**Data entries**
>>
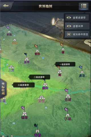而一级资源带的土地相对来说还是比较贫瘠,想要资源无忧,各位主公还需要发展至更加肥沃的土地上。这个时候就涉及到迁城的问题了。主公们想要迁城,一般是两种情况,随机迁城跟指定地方迁城。随机迁城的情况主要是,主公刚建城的时候,系统会赠送一个迁城令。在地理环境不好、邻里乡亲相处不和谐或者离联盟大部队战友太远的时候,可以选择使用迁城令,将主城迁到地图上的任意一个州。这个时候建议选择盟友聚集较多的州,再次发育。当然,主公要是被饿狼沦陷得惨不忍睹的时候,系统也会补偿迁城令,但小编试过,在二级资源带被沦惨的时候,迁城的时候,只能去到一级资源带,而且还挥一挥衣袖,不能带走一片土地!另外一种迁城的方法,是指定土地进行迁移。这个需要主公先在学问府学习完分城的技能,学完之后可以在二级资源带选择合眼缘的土地,先建造分城。二级资源带的土地比较肥沃,相对的,守兵也多。建议各位主公不要选择等级太高的土地进行建造,避免士兵伤亡过重。分城建造的过程主公要时刻留意,不要给有心之人攻破。待到分城建完,主公便能点击转移,将主城从一级资源带变换到二级资源带,并且,一级资源带的土地都还保留着。当然,如果主公们想要占领更高级的土地,除了升级宫城扩大土地拥有数量跟范围之外,也可以选择放弃一级资源带的低级土地。高级土地的产量跟收入,也是大幅度提高的!
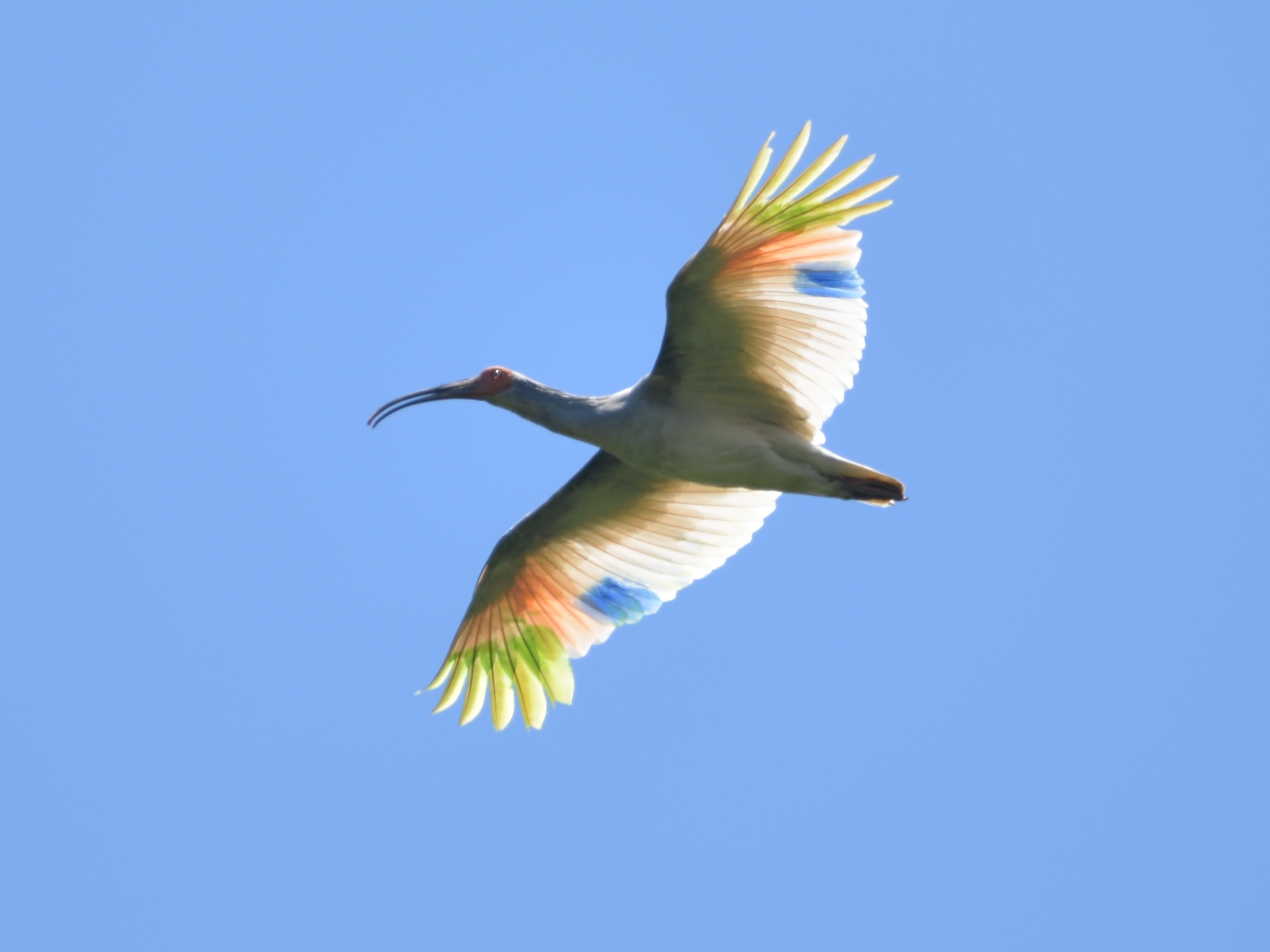 放鳥されるトキは、観察時に遠くからでも識別できるよう、特別にアニマルマーカー(動物専用の染料)を使用して着色されています。この着色された羽は、一年ほどで生え替わります。
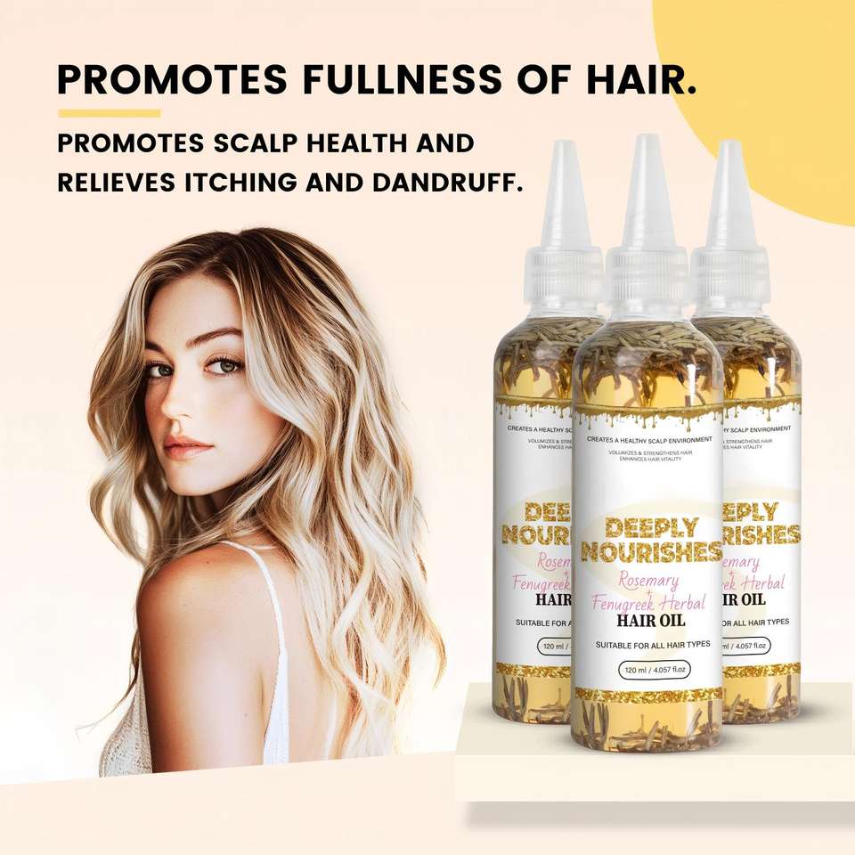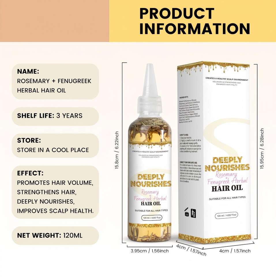 น้ำมันบำรุงผมโรสแมรี่และเฟนูกรีก 120 มล. รับผลิตแบบ OEM แบรนด์ส่วนตัว สำหรับคนทานมังสวิรัติ ลดผมชี้ฟู บำรุงให้ความชุ่มชื้น กระตุ้นการเจริญเติบโตของเส้นผม
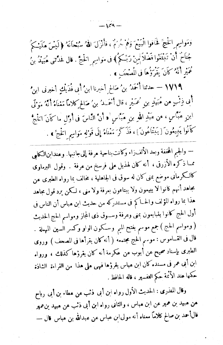 وَقَالَ الْمُنْذِرِيّ : الْحَدِيث الْأَوَّل رَوَاهُ اِبْن أَبِي ذِئْب عَنْ عَطَاء بْن أَبِي رَبَاح عَنْ عُبَيْد بْن عُمَيْر عَنْ اِبْن عَبَّاس ، وَالثَّانِي رَوَاهُ اِبْن أَبِي ذِئْب عَنْ عُبَيْد بْن عُمَيْر قَالَ أَحْمَد بْن صَالِح كَلَامًا مَعْنَاهُ أَنَّهُ مَوْلَى اِبْن عَبَّاس عَنْ عَبْد اللَّه بْن عَبَّاس قَالَ @
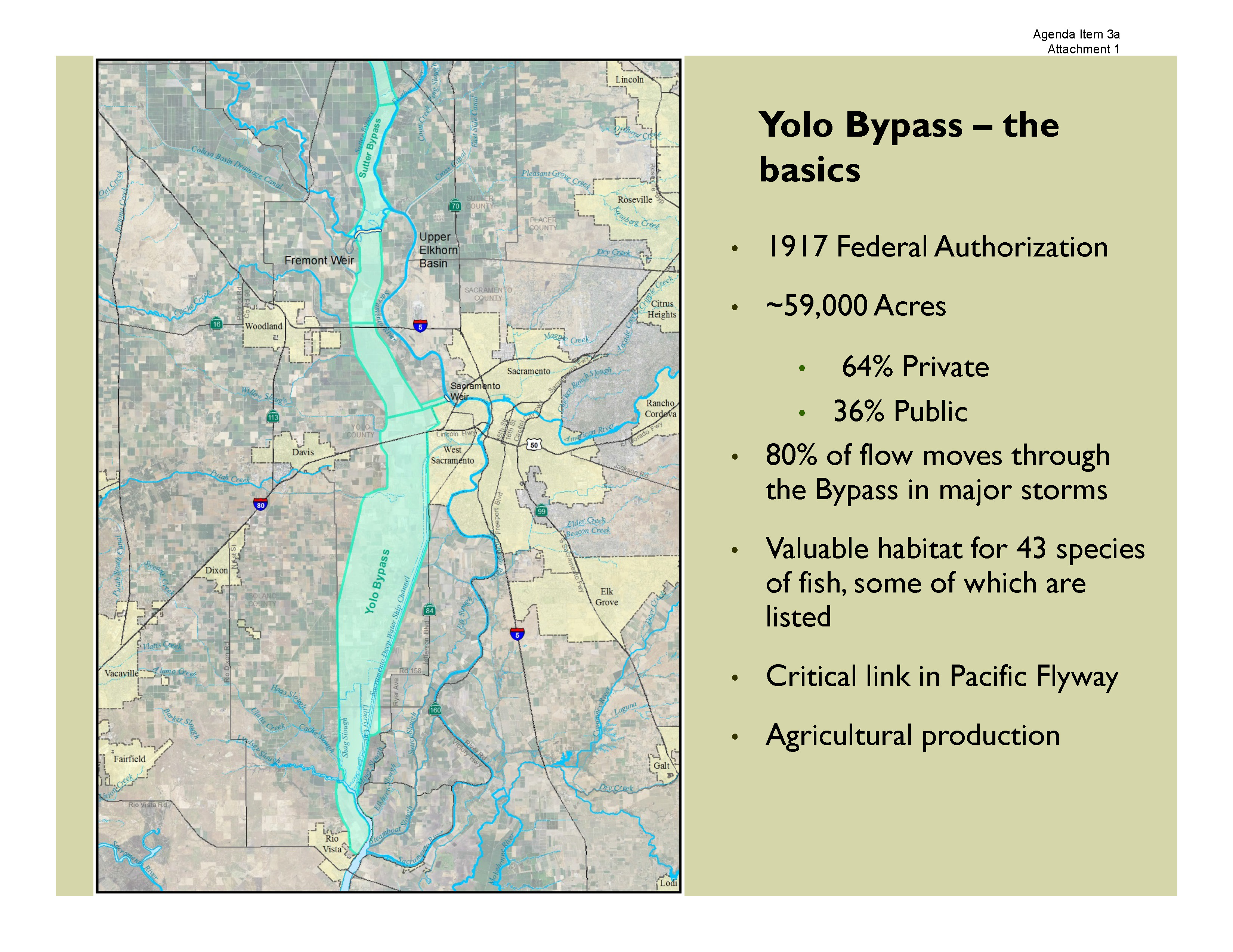 Mr. Tjernell then gave some facts about the Yolo Bypass. Federally authorized in 1917 as a flood control facility, the Yolo Bypass is first and foremost a flood control facility, he said. He noted that it is roughly 60,000 acres located to the west of Sacramento, and that two thirds of the land is in private ownership and one-third is publicly owned, the majority being the Vic Fazio Wildlife Refuge and other lands in that area.
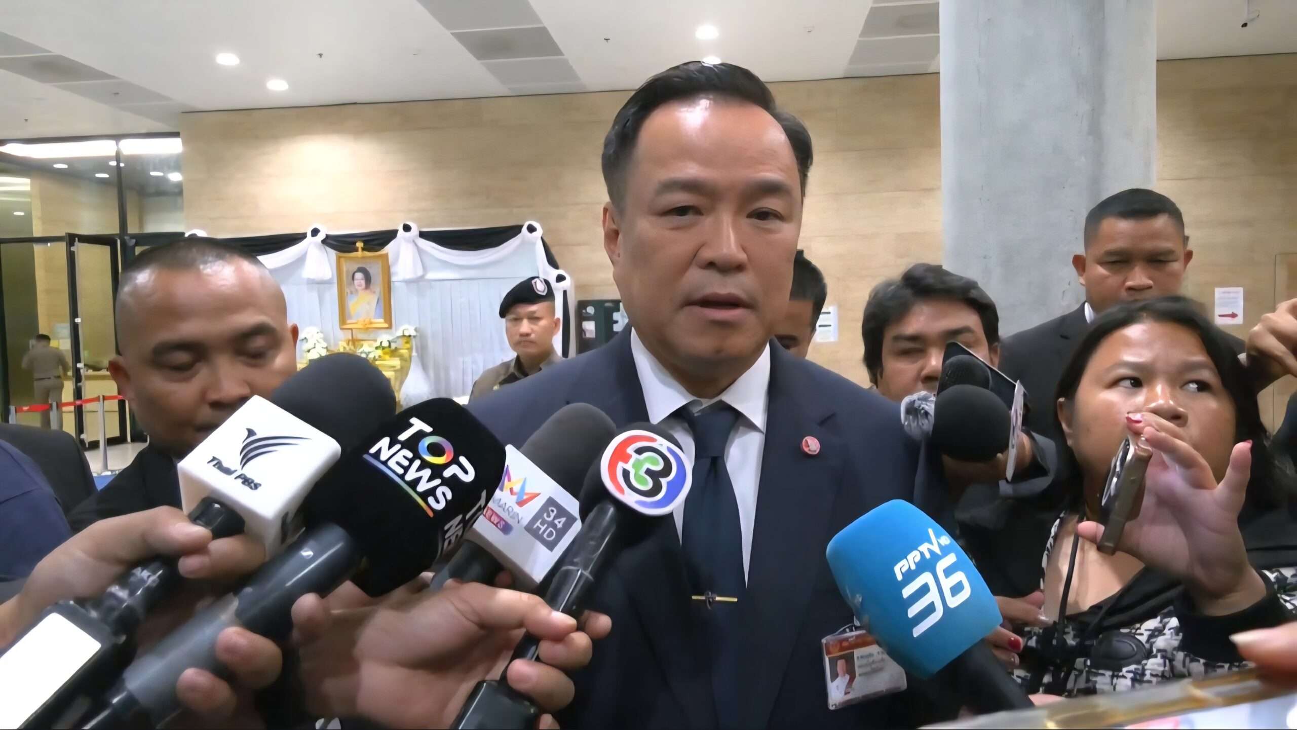 วันที 10 ธ.ค. 2568 ที่อาคารรัฐสภา นายอนุทิน ชาญวีรกูล นายกรัฐมนตรีและรัฐมนตรีว่าการกระทรวงมหาดไทย ให้สัมภาษณ์ถึงกรณีที่นายโดนัลล์ ทรัมป์ ประธานาธิบดีสหรัฐอเมริกา ประกาศระหว่างการปราศรัยว่าจะโทรประสานให้ระหว่างประเทศไทยและกัมพูชาเจรจาหยุดยิง ว่า ขณะนี้ยังไม่ได้รับการประสาน ปกติเวลาการหารือทางโทรศัพท์ผู้นำ จะต้องมีการนัดหมายกันก่อน มีช่องทางอยู่
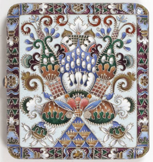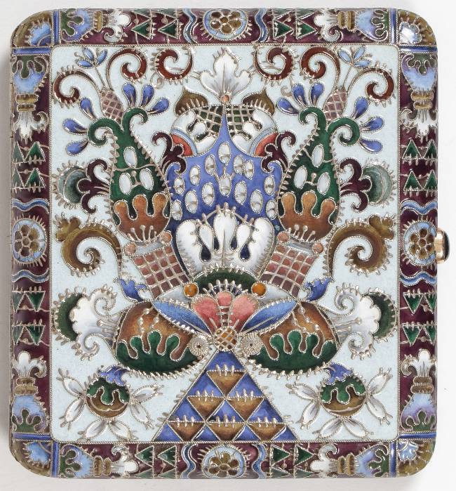 RUSSIAN SILVER & ENAMEL CIGARETTE CASE KURLYUKOV.
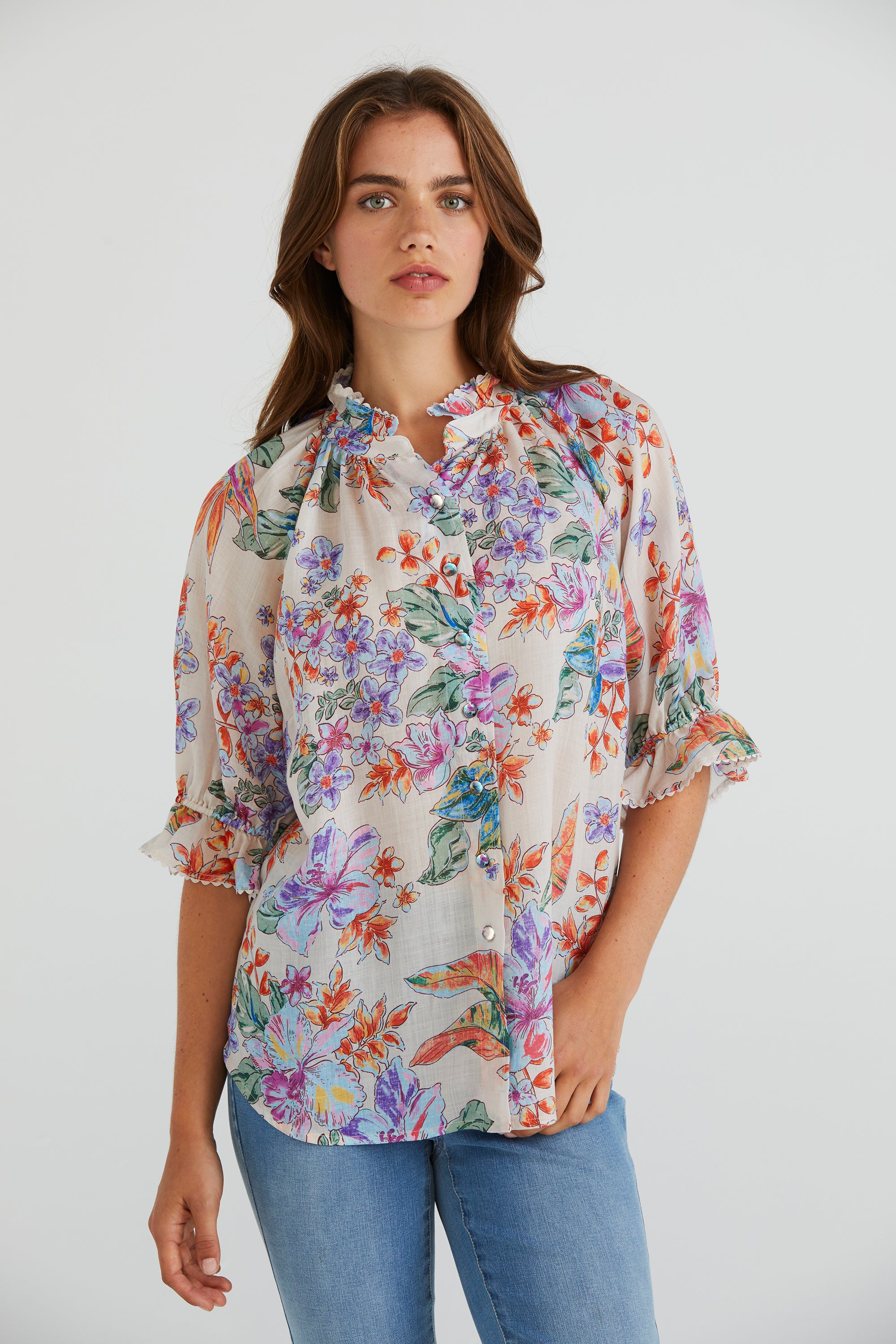 Embrace tropical charm with the Lily Shirt, crafted from a linen ramie blend adorned with a vibrant Lily print. The ric rac trim at the neckline and sleeve ruffle edge exude playful sophistication.
<<
**Try it**
Beginning with the line containing "RUSSIAN SILVER &" and ending with the last line of the data, output those lines exactly and nothing more. Omit every picture.

**Output of the task**
 RUSSIAN SILVER & ENAMEL CIGARETTE CASE KURLYUKOV.
 Embrace tropical charm with the Lily Shirt, crafted from a linen ramie blend adorned with a vibrant Lily print. The ric rac trim at the neckline and sleeve ruffle edge exude playful sophistication.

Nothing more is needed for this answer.